Eagle Valley sophomore Caroline Dewell qualified for nationals in humorous interpretation.
“It can be very scary to get up in front of a roomful of people, whether they’re friends or not,” Dewell said. “You learn that you can overcome those fears. Before this year, I was scared to do humor interp. I was afraid I would get up there, no one would laugh and I’d be humiliated.
“But I’m here now and I’ve realized that I can create my characters and voices, and I can make people laugh. You just have to have a little self-confidence.”
Dewell’s presentation is “Little Suzy Sues God for All He’s Worth.” A bunch of bad stuff happened to Suzy and she asks why God did this to her. A lawyer from hell appears (insert your own lawyer jokes here) and declares “We’re gonna sue God!” And they do. It’s a conundrum.
Like the Bible it’s loosely based on, it ends with a revelation.
“If you believe God has no worth, and you sue God, you get nothing,” Dewell said.
World Schools debaters
Battle Mountain’s Hannah Nelson and Graziella Pierangeli qualified for World Schools Debate, a 3-on-3 battle of brains. Their five-person team is composed of Nelson and Pierangeli, Eagle Valley’s Tobin Stone and a pair from Summit High School.
They’ll debate six resolutions, They get to take three resolutions with them, all researched, sewed up and ready to go, things like whether protectionist trade polices are a good idea or if corporations should be allowed to contribute to political campaigns and candidates and stemming the reach of artificial intelligence. The other three topics they get in Florida, when they’re in the crosshairs and heat of battle. They have an hour to do their research and prepare both sides of the topic they’re assigned.
They don’t know quite what to expect, except it will be fun, they said.
Eagle Valley’s Alissa Barry earned her way to nationals by winning a state title in humorous interpretation, the first for the Eagle Valley senior. To win her state title, she humorously interpreted “Moon Raker Madness,” a short play.

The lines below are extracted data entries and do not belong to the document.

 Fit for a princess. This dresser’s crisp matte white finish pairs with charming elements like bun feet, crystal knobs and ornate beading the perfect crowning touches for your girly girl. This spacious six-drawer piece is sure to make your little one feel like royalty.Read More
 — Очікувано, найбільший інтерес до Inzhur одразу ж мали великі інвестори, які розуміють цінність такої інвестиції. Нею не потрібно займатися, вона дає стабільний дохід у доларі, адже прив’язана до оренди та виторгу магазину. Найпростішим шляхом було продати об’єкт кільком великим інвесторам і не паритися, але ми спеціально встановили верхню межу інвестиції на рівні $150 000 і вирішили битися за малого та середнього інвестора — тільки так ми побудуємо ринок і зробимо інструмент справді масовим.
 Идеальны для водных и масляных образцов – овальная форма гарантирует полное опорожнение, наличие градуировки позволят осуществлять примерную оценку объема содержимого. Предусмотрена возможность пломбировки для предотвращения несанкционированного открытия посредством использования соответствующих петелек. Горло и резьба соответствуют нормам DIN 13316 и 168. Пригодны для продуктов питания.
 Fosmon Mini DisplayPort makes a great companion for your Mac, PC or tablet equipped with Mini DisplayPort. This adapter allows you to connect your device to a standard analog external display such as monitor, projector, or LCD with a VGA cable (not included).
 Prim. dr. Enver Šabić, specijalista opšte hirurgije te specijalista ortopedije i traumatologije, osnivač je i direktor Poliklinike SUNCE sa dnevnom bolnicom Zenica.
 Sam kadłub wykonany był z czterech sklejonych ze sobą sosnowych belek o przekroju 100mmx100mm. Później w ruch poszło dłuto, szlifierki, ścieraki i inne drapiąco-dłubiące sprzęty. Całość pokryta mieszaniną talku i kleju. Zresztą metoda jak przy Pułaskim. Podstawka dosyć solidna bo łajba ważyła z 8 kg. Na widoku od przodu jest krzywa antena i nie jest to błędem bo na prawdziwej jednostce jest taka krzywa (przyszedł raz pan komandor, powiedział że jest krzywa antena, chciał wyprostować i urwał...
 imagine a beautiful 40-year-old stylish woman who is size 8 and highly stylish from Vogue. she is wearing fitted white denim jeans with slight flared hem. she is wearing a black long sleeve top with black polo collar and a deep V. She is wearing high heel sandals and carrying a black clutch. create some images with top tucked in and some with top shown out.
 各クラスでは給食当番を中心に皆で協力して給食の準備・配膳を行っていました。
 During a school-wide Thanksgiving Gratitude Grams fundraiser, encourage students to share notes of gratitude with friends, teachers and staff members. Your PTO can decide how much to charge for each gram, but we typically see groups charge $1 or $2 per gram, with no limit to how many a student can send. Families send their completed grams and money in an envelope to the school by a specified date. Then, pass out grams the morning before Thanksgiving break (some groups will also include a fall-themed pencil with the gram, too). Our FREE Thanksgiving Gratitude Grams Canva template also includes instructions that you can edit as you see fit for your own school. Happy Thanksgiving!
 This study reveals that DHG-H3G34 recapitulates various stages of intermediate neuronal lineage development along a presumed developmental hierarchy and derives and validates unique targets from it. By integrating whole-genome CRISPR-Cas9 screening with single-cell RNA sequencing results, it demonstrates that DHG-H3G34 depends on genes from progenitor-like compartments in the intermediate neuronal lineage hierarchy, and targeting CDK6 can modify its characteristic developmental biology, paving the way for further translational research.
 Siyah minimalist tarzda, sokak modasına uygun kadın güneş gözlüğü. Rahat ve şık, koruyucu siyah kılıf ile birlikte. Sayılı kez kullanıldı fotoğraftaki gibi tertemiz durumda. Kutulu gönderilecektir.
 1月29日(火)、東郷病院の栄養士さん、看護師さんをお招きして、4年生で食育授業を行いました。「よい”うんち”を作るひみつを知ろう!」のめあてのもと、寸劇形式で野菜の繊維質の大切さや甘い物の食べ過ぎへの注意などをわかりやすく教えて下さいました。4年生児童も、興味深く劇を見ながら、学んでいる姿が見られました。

Riley Dudley won his state title in value debate. Basically, the speech and debate powers that be give you a subject. They do not tell you whether it’s supposed to be a monumentally good or bad idea. You have 30 minutes to prepare.

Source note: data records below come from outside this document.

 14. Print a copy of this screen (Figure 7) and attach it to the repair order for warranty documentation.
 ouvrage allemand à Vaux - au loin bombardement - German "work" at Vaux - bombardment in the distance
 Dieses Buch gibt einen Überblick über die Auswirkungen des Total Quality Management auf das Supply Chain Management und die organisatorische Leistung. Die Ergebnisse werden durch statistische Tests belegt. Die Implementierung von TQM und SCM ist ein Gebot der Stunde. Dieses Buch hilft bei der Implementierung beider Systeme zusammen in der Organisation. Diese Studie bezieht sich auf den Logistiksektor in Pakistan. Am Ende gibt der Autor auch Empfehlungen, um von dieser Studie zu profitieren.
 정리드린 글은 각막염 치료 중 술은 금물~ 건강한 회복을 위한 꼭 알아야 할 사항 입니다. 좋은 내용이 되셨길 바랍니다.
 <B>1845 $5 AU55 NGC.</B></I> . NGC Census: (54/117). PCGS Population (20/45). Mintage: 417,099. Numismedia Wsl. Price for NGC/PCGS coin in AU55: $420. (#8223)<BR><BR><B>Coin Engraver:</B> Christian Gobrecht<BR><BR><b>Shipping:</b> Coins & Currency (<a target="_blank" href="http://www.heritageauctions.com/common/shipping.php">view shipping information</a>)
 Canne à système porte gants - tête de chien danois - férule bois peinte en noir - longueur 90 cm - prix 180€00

Like Congress, only better
John Papadopoulos is headed to nationals in congressional debate. It doesn’t really work like congress, because the speech and debate event actually works.
“It’s like congress, but more effective,” Papadopoulos said, laughing.
In the state meet, he argued in favor of a bill supporting alternative energy research.
“It’s fun. I now have friends from all over the state through speech and debate. I can walk into a roomful of friends and make them laugh, and they’ll make you laugh,” Eagle Valley’s Barry said.